A Hirshfeld surface analysis (Spackman & Jayatilaka, 2009 ▸) and the associated two-dimensional fingerprint plots (McKinnon et al., 2007 ▸) were performed in order to further investigate the supra­molecular network. The Hirshfeld surface calculated using CrystalExplorer (Turner et al., 2017 ▸) and mapped over d norm is given in Fig. 4 ▸. The bright-red spots near atoms O4 and N9 in Fig. 4 ▸ a refer to the N9—H9⋯O4 hydrogen bond, and near atoms C15 and O18 in Fig. 4 ▸ b to the C15—H15⋯O18 hydrogen bond. The faint-red spots near atoms C5 and S8 illustrate a short contact in the crystal packing of (3) (H5B⋯S8 = 2.913 Å). The fingerprint plots (Fig. 5 ▸) further indicate a major contribution by H⋯H contacts, corresponding to 51.6% of the two-dimensional fingerprint plot (Fig. 5 ▸ b). Significant contributions by reciprocal O⋯H/H⋯O (13.4%) and S⋯H/H⋯S (12.5%) contacts appear as two symmetrical spikes at d e + d i ≃ 2.2 and 2.8 Å, respectively (Fig. 5 ▸ c,d). Smaller contributions are from C⋯H/H⋯C (11.7%, Fig. 5 ▸ e), N⋯C/C⋯N (5.3%, Fig. 5 ▸ f), C⋯C (3.2%), N⋯H/H⋯N (1.6%), C⋯O/O⋯C (0.3%), C⋯S/S⋯C (0.3%) and O⋯O contacts (0.1%).

Figure 4

The Hirshfeld surface mapped over d norm for (3) in the range −0.3153 to 1.2662 a.u.

Figure 5

Full two-dimensional fingerprint plots for (3), showing (a) all inter­actions, and delineated into (b) H⋯H, (c) O⋯H/H⋯O, (d) S⋯H/H⋯S, (e) C⋯H/H⋯C and (f) N⋯C/C⋯N inter­actions. The d i and d e values are the closest inter­nal and external distances (in Å) from a given point on the Hirshfeld surface.

Database survey

A search of the Cambridge Structural Database (CSD, Version 5.40, update of May 2019; Groom et al., 2016 ▸) for the central N—C(=S)—NH—N=C moiety (Fig. 6 ▸ a) present in the title compound gave 583 hits. Fig. 6 ▸ b,c illustrate the histograms of the distribution of torsion angles τ1 and τ2. The histogram of τ1 shows a major preference for the −sp/+sp (or cis) conformation and a minor preference for the −ap/+ap (or trans) conformation. For torsion angle τ2, only one region is preferred: a narrow spread in the region −ap/+ap (or trans). For (3), the torsion angles τ1 and τ2 are both in the +ap region [τ1 = 173.8 (3) and τ2 = 162.4 (3)°].

Figure 6

(a) Fragment used for a search in the CSD. (b),(c) Histograms of torsion angles τ1 and τ2. The vertical pink lines show the torsion angle observed in (3).

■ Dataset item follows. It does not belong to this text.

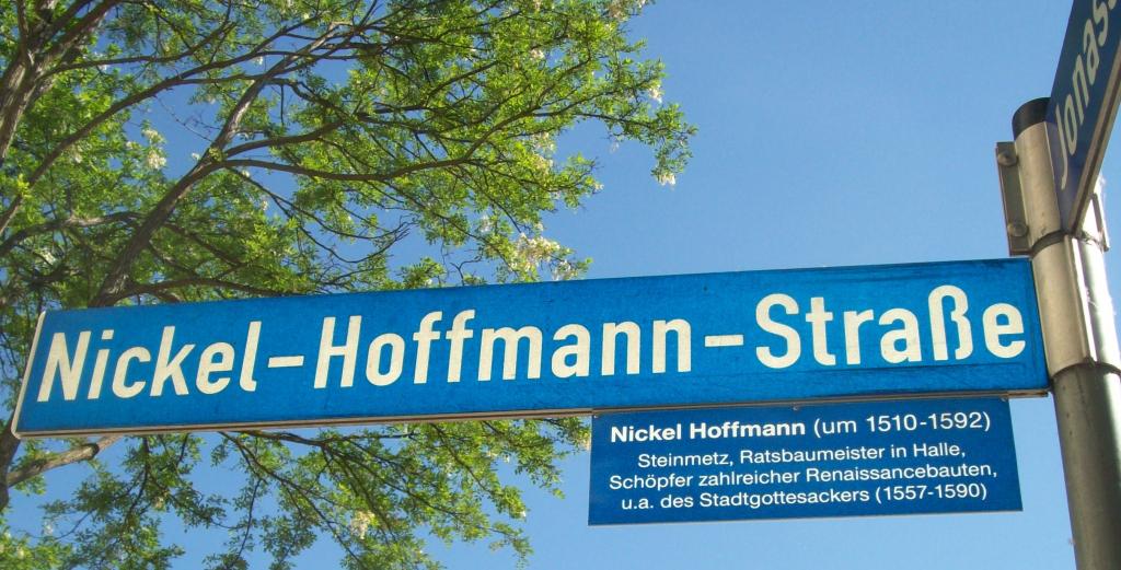 Der hallesche Ratsbaumeister Nickel Hoffmann wird durch heute angebrachte Zusatzstraßenschilder an der Nickel-Hoffmann-Straße noch mehr in das Bewusstsein der Bürger gerückt.

The most similar compound present in the CSD is the 2-hy­droxy­naphthaldehyde-based thio­semicarbazone (refcode IDEQAM; Aneesrahman et al., 2018 ▸). The asymmetric unit contains two mol­ecules (one morpholino ring shows disorder). The mean plane of the non-disordered morpholino ring makes an angle of 36.9 (7)° with the naphthalene ring system. The torsion angles τ1 [175.89 (15) and −175.97 (15)°] and τ2 [166.51 (16) and −174.99 (16)°] are similar to those observed for the title compound. An intra­molecular hydrogen bond similar to O18—H18⋯N10 is also observed.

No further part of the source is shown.